Now their personalities are a completely different story. Bella is too young to tell, although I’m pretty sure that she’s gonna have a bit of an attitude like her older sis. Kennedy is strong willed, stubborn, a people person, and can just make someone feel really special. We are seeing her magnetic personality bloom very early. Deacon, I think, will be intellectual like his father; however, he definitely has my love of gab. The boy can talk!
I am guilty of sitting around and wondering what my children will become or how they will leave their mark on this dark world that we live in. I’m scared to death that I might miss teaching them some important life lesson or be too hard on them in the long run. I am pretty tough on them and, there have been times, where I even shocked my self. There comes a point where we all begin to compare ourselves to our parents and we cringe,maybe even cry, at how we are turning out to be just like them.
There is no doubt that I am my mother’s daughter. I look just like her and I am pretty sure that I have a lot of her personality traits. I have just used them in a different way. Unfortunately, I am unable to say of I am anything like my father because I never had the privilege of knowing who he was. Or should I say, I have never met my earthly father.
By the time I was 19 years old, I had been told that three different men were my father. By this time, I really didnt care who he was. My life had already been defined and I knew that my identity did not come from him. I am grateful for his help; however, he does not give or take anything from me at this point. I rarely consider what my life might have been like because I know that it has already been planned out and I AM DOING GREAT…
As I look at my beautiful children, I feel so blessed to see a part of my husband and I in them. More importantly, I wish to see Jesus in them. My son may have his father’s eyes and my daughter’s may hold their mother’s spirit but I want them to hold their Father in Heaven’s heart. I want them to love like he loves, forgive as he forgives, and live like he directed us to live.
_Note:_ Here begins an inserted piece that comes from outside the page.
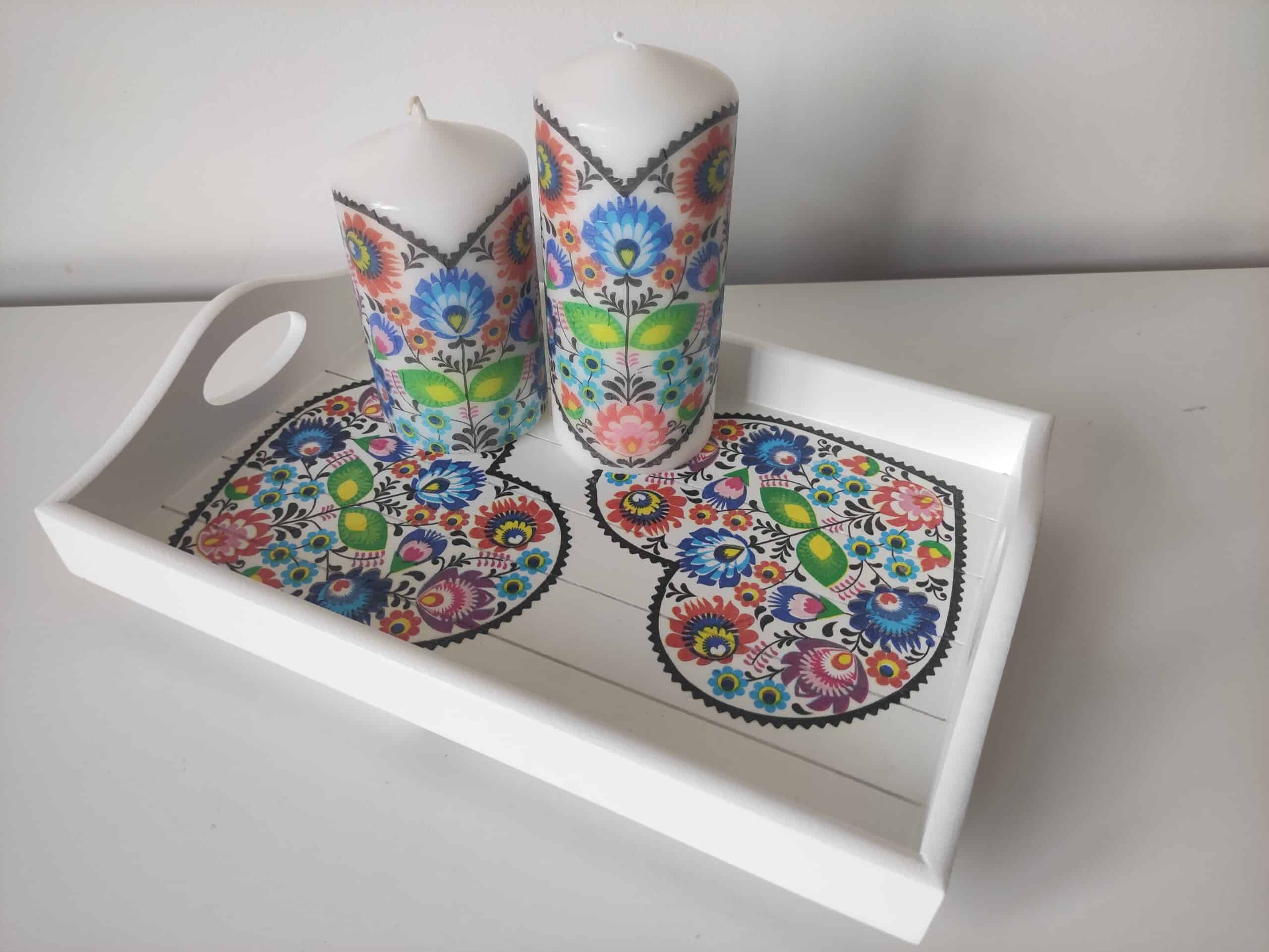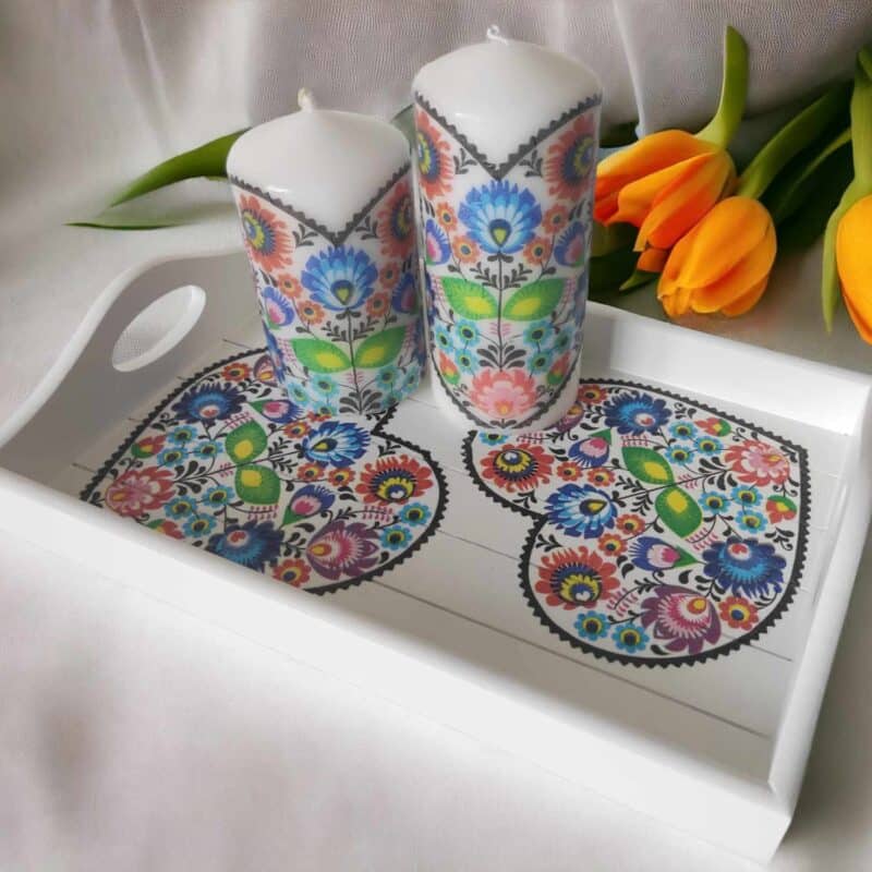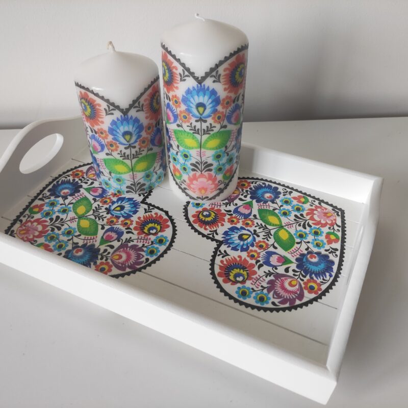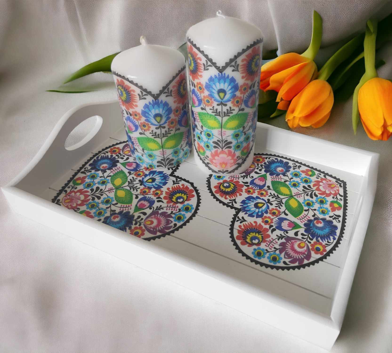 Folk floral lovely wooden tray & candles gift set

Philippians 2:1-5 says, “If you have any encouragement from being united with Christ, if any comfort from his love, if any fellowship with the Spirit, if any tenderness and compassion, then make my joy complete by being like-minded, having the same love, being one in spirit and purpose. Do nothing out of selfish ambition or vain conceit, but in humility consider others better than yourselves. Each of you should look not only to your own interests, but also to the interests of others. Your attitude should be the same as that of Christ Jesus.”
As we look at our children and wonder who they resemble, let us strive to look past the outer characteristics and look to their hearts. We have been intrusted with the future children of the kingdom. Christ gave us an important role in fulfilling his prophecy. While we must profess his love to others, we must also raise his children to love and honor, to show kindness where there is none, to open their hearts to many, to give hope to the hopeless, and to have the desire to bring people to Jesus.
Beyond all the blue eyes and curly hair – I want to see Jesus in my children.